The task — From the material below, please set down exactly the lines starting with the one with "스토어 크레딧 36,000원이 들어왔다면 정삭적으로 완료되신 겁니다." and going on through the one with "The beauty of", without a single picture.

Entries shown —
* * * * * * * * *
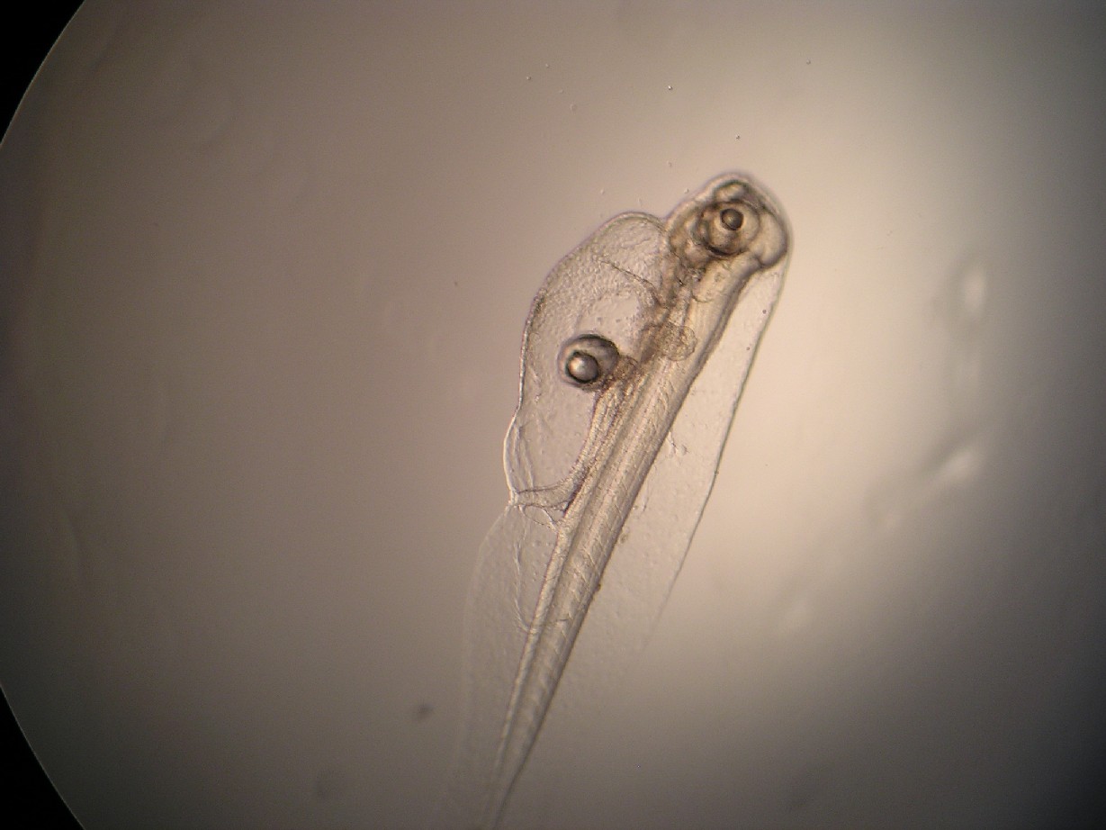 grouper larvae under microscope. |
* * * * * * * * *
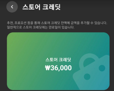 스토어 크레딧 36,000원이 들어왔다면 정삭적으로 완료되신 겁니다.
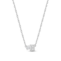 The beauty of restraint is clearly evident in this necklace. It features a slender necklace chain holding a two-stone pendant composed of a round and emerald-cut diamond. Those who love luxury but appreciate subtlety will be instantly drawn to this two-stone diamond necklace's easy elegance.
* * * * * * * * *
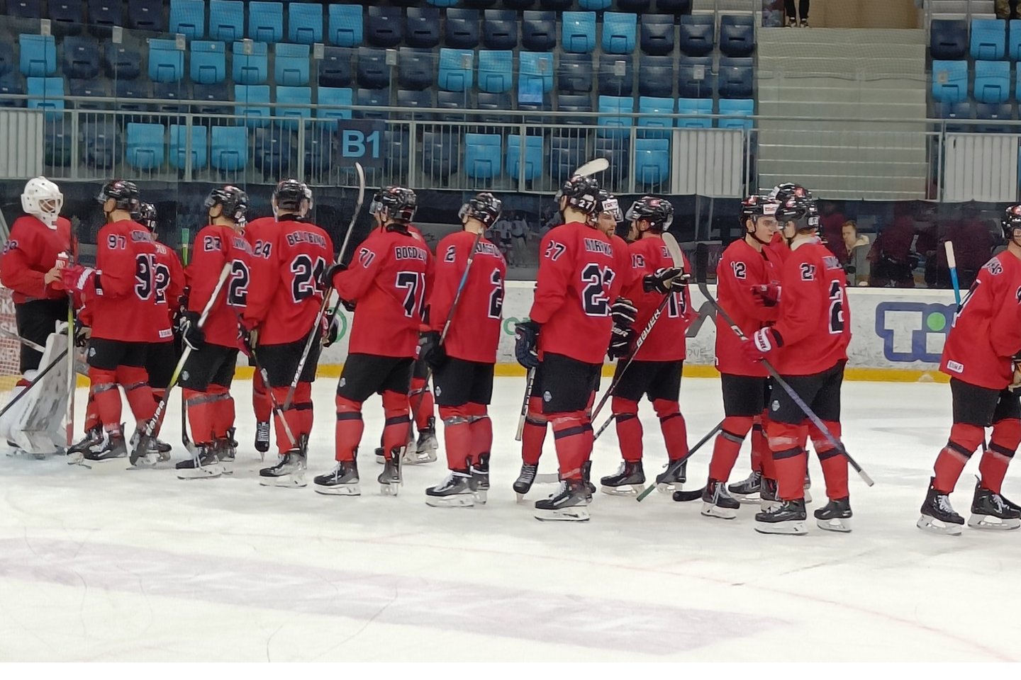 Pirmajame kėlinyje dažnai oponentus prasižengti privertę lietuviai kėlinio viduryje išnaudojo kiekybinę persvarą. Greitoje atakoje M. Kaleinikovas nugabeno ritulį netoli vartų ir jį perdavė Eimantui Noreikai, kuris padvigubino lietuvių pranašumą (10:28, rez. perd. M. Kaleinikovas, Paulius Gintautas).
* * * * * * * * *
Solution for this exercise —
 스토어 크레딧 36,000원이 들어왔다면 정삭적으로 완료되신 겁니다.
 The beauty of restraint is clearly evident in this necklace. It features a slender necklace chain holding a two-stone pendant composed of a round and emerald-cut diamond. Those who love luxury but appreciate subtlety will be instantly drawn to this two-stone diamond necklace's easy elegance.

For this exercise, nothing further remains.